Одного взгляда Чифую хватает, чтобы они заледенели. Ноги Майки тоже вмерзают в землю, но он словно этого не замечает.
— Это ненадолго, — вздыхает Чифую. А потом улыбается: — Рад, что ты жив.
— Я не понимаю, почему, — признаётся Майки, — я вообще ничего не понимаю.
— Это из-за плоти русалки, которую ты когда-то съел. Она заживит любую твою рану, даже смертельную, — объясняет Чифую, но Майки лишь удивлённо смотрит на него.
— Почему я этого не помню?
— А это уже из-за того демона, что в тебя вселился. Точнее, его правильно было бы назвать божеством бедствий. Он умеет искажать воспоминания, поэтому почти всё, что мы помним — ложь, изобилующая мелкими несостыковками.

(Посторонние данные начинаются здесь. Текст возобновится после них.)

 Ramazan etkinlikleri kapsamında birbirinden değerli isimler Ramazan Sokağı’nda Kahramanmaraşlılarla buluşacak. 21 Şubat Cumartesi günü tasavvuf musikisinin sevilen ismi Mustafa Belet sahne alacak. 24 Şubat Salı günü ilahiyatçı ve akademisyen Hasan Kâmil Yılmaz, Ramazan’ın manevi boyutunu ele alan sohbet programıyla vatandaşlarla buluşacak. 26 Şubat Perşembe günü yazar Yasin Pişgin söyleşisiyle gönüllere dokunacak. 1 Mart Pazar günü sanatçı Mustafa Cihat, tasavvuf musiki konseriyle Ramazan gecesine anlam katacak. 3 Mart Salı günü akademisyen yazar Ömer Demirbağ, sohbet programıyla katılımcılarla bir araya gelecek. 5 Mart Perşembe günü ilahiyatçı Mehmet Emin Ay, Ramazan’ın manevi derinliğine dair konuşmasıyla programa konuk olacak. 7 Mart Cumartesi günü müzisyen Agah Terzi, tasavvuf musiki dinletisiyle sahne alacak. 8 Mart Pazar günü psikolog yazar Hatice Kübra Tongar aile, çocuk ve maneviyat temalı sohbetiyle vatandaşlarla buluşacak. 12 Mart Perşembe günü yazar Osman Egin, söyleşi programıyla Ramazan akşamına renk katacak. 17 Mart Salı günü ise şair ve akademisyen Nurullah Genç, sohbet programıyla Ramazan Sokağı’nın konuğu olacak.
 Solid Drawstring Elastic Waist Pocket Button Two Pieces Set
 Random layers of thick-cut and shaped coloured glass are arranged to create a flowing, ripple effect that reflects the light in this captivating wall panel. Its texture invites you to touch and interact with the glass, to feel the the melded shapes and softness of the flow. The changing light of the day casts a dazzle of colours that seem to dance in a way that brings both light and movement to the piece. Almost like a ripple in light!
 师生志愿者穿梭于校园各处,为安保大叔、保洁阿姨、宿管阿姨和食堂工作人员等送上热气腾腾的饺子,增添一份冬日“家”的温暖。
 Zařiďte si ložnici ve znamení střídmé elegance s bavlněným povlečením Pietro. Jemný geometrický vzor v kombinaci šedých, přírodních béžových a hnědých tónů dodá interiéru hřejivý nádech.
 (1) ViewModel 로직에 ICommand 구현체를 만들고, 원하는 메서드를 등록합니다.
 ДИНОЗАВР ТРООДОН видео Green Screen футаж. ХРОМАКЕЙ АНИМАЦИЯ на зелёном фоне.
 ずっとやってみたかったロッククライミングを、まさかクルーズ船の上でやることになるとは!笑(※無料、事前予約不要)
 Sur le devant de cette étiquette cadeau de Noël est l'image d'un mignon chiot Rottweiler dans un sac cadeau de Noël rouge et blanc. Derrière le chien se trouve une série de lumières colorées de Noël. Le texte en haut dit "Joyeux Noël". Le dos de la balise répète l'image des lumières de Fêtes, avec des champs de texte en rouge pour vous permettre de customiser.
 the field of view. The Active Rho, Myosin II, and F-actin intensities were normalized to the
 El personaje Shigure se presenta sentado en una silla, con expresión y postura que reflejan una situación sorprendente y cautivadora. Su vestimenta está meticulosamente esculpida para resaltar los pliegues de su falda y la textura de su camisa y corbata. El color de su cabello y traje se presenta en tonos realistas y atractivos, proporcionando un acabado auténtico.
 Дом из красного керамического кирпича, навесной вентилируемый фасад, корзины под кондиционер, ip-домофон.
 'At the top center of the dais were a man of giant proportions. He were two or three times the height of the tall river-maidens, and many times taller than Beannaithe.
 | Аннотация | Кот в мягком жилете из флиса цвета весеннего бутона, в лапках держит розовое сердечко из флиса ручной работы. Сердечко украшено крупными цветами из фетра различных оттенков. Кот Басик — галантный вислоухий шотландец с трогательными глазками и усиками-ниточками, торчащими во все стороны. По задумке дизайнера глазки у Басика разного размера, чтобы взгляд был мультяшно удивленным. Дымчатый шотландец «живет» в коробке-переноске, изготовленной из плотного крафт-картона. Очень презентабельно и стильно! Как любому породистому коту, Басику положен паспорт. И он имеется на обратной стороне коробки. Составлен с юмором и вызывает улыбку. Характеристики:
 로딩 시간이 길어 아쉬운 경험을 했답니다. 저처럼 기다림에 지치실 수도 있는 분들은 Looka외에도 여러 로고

— Что ты несёшь?! — кричит пришедший в себя Кисаки, стоящий ниже по лестнице.
— А ты не задумывался, как Такемичи смог увидеть будущее, отмотав вперёд своё сознание? Ещё и много раз. Почему бы тогда ему не сделать это сейчас, предсказав исход поединка? — спрашивает Чифую.
Взгляды обращаются к невовремя очнувшемуся Такемичи. Он хмурится, явно пытаясь провернуть этот трюк ещё раз, но по его растерянному виду понятно, что ничего не выходит.
— Зато ты смог отмотать время для тела Ханмы, — подхватывает Казутора, приходится почти повиснуть на Чифую, чтобы не упасть. Голова всё ещё ужасно кружится от каждого движения. — До того момента, когда я ранил его во время драки с Вальгаллой. Потому что тогда я ранил его, а не Баджи.
— Я не понимаю, как я вообще смог применить свою способность на нём, — говорит Такемичи, шокировано глядя на собственные руки, словно бы только сейчас осознавая, что вообще хотел сделать. — Даже с усилением Кисаки я не могу воздействовать на такие сложные организмы. Мой максимум — это…
— Чужая энергия, — перебивает его Чифую. — Если бы тело состояло целиком из энергии, ты бы смог его обратить?
— Да, но…
— Это объясняет, куда делось тело, — догадывается Казутора, — оно просто потеряло материальность, как у…
— Злого духа, — заканчивает Чифую.
Злого духа, который, искажая память, манипулировал всеми, оставаясь вне подозрений. Словно зритель наблюдал за тем, как они стремились уничтожить друг друга из-за выдуманных им конфликтов.
— И всё же мне больше нравится, когда меня называют богом бедствий, — голос Ханмы заставил всех обернуться и посмотреть на него, сидящего на крыше собственного храма.